One year ago today (Christmas Day 2015), I moved every item I owned into a new apartment, and began what has been the best year of my life. I had been living with my boyfriend, who moved with me from Philadelphia to Atlanta. I moved to Atlanta for grad school almost as much as I moved there to get away from my life, and to start over. I wanted to break all of my ties, form new ones, and find out who I was. I told my boyfriend not to move with me – we could try long distance or just drift apart, or maybe we could end things now on good terms.
But he came along with me, and it didn’t work out. And on Christmas Day 2015, I moved all of my stuff out of the apartment we lived in together because I had wanted to go to grad school and start my life over again in Atlanta. This wasn’t the worst Christmas of my life – it wasn’t even that bad a Christmas, to be honest. It felt like a big and necessary step forward. When I moved to Atlanta, I wanted to start over. I got to do that when I moved out of that shared apartment last Christmas.
I wrote him (my ex) a letter before I left, although I didn’t give it to him until 6 months later, when I wrote him another letter as I was packing to move again – this time from Atlanta to Cleveland, and this time for a guy, rather than a guy for me. I don’t think the first letter reflects who I am now, or how I would feel if I was put in the same situation today. More importantly, I don’t think I would left myself get into the same situation as the one I was in one year.
I wish it didn’t have to end – especially under these circumstances. If you’re reading this then all of my stuff is probably already gone, and I won’t be seeing you again for a while. I’ll leave that up to you though… At least I’ll try to. I can’t say it will be easy – I think i’ve talked to you every day for the last two years. You’ll move on though. I might too. But I wish it could have worked out with us. I wish we each could have been more of what the other wanted, but maybe that doesn’t even make sense. The media has left me with a fucked up sense of what a relationship should be.
I feel like our relationship was chipped away at little by little until there was nothing left but rubble. I wanted a teammate, you wanted an audience. I wanted a partner in crime, you wanted a sidekick. I wanted us to be equals, but it felt like you had too much to prove. I could have been happy to be at home waiting for you every night, but you seemed to stop wanting that. I don’t know how to be any other way though. I give all of myself in a relationship. I don’t know how to do less. Maybe that seems dependent, but I don’t want to be completely independent. I want someone to go to when I’m upset. I want someone to care enough about me to ask how my day was – even if they know I didn’t have much to do. I want someone to listen to me even when they think I’m overreacting or that my emotions don’t make sense. And I don’t think that is too much to ask.
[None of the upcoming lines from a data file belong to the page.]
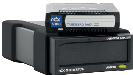
Das RDX QuikStor von Tandberg Data ist ein Wechselplattensystem mit herausnehmbaren Medien, das robusten, zuverlässigen und komfortablen Speicherplatz für Datensicherung, Archivierung und Datenaustausch für kleine und mittlere Unternehmen zur Verfügung stellt.
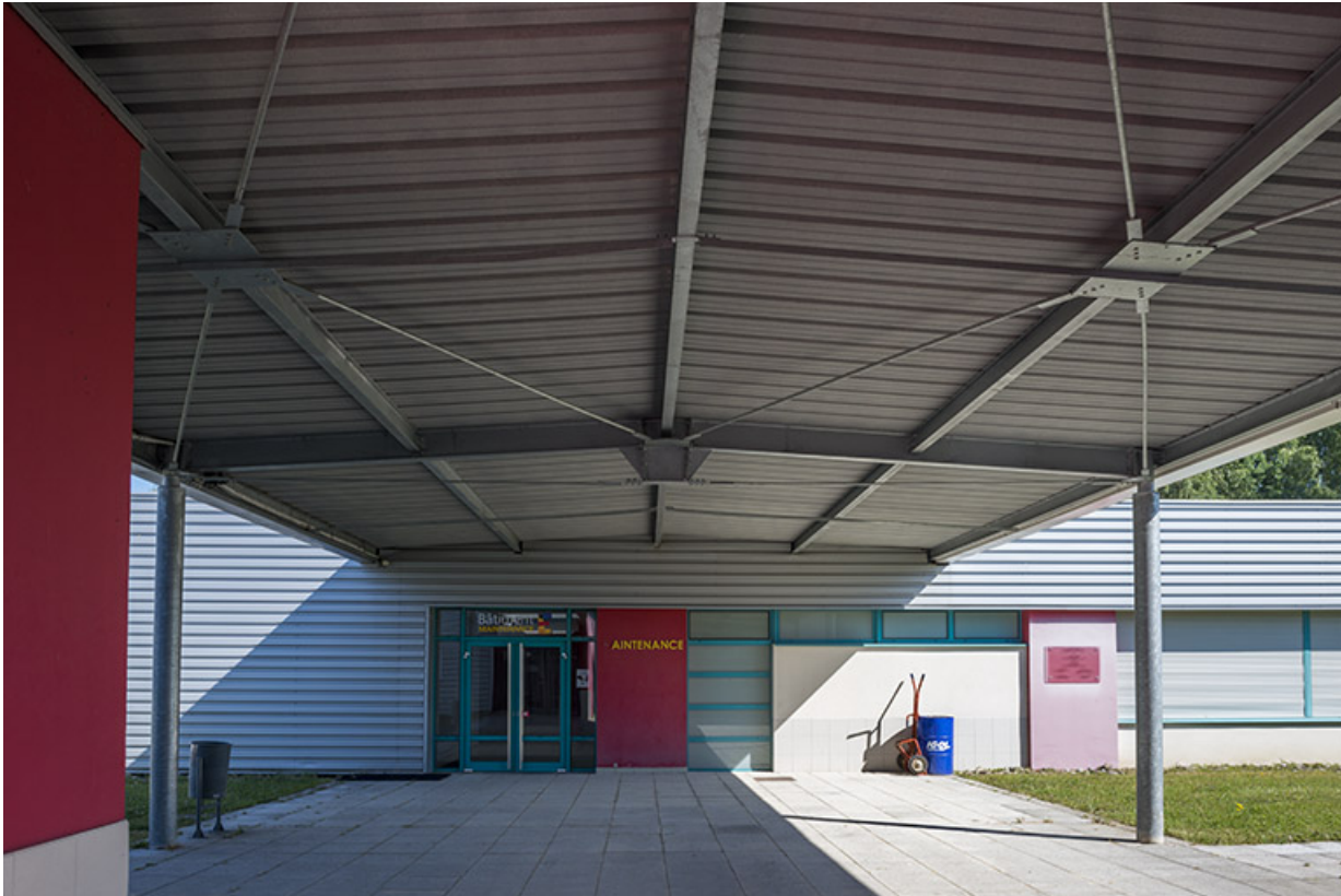
Sous la passerelle entre les ateliers de maintenance et de plasturgie. (ex-Léger)
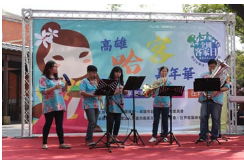
圖 25、全國客家日-客家印象銅管五重奏
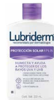
LUBRIDERM FPS 15 200 mL
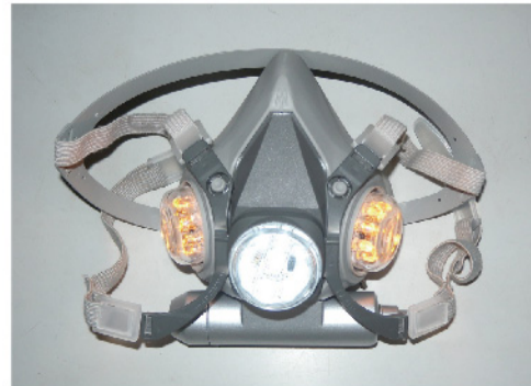
▲ 金牌作品-緊急逃生面罩。
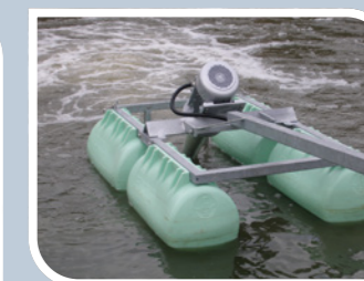
Anlæg til overfladebeluftning fra FUCHS Enprotec GmbH

A relationship should be about give and take – and I gave as much of myself as I could without getting much back. You broke my heart every day without even noticing. But there were always glimmers of hope that things could get better. We stayed together so long because I am an optimist despite how you always call me negative. I thought we could make it work. I was so willing to try, but I felt like I had to beg for an audience with the king to have a conversation with you. And even if you would talk to me, it was with a timer ticking in the background. I felt so unimportant to you.
But in the end, it’s my fault. When you tell the story of us, I will be the villain. 1,000 acts of neglect and emotional abuse do not equate to sleeping with someone else one time. All of the times I sat in the other room crying while you pretended I didn’t exist aren’t as bad as that one time I went to someone else’s apartment and allowed them to do something nice for me (and I mean the dinner and conversation here). You threw me away, and then shamed me for looking elsewhere for affection. I couldn’t ask you for forgiveness, because I don’t think we’re good for each other. I think we used to be, but we stopped. I don’t know if we ever will be good for each other again. I’m sorry I hurt you, but I don’t think I’m sorry it’s over. You hurt me – worse than you seem to realize.
I left on Christmas with a note in my hand – which you’ve either just read, will read next, or will throw away while thinking about the gall I must have to have sent this in the first place. The letter is for you, and it’s unfair for me to keep it in my possession. You are the owner of the thoughts I put on that paper because you were their inspiration.
If i’m being completely honest, the sadness didn’t stick around much longer after we said goodbye. I thought it would be difficult – I even felt guilty when it wasn’t. I was far more ready to move on than I knew.
I met someone. I won’t dwell on the details, because they’re only important to me and him, but he makes me feel like life is worth living, and living well. I am happier than I have ever been. I’m moving away to be with him. I’m not scared that I am making a mistake, because I already learned from you how not to treat someone you change your life to be with.
I want to thank you for helping me get where I am now. Even if the road was rocky. Even if we didn’t work out. Even if you hate me. I needed all of it to happen.
As for the Hitchhiker’s Guide: 1-3 were wonderful, but I didn’t care much for 4 and 5.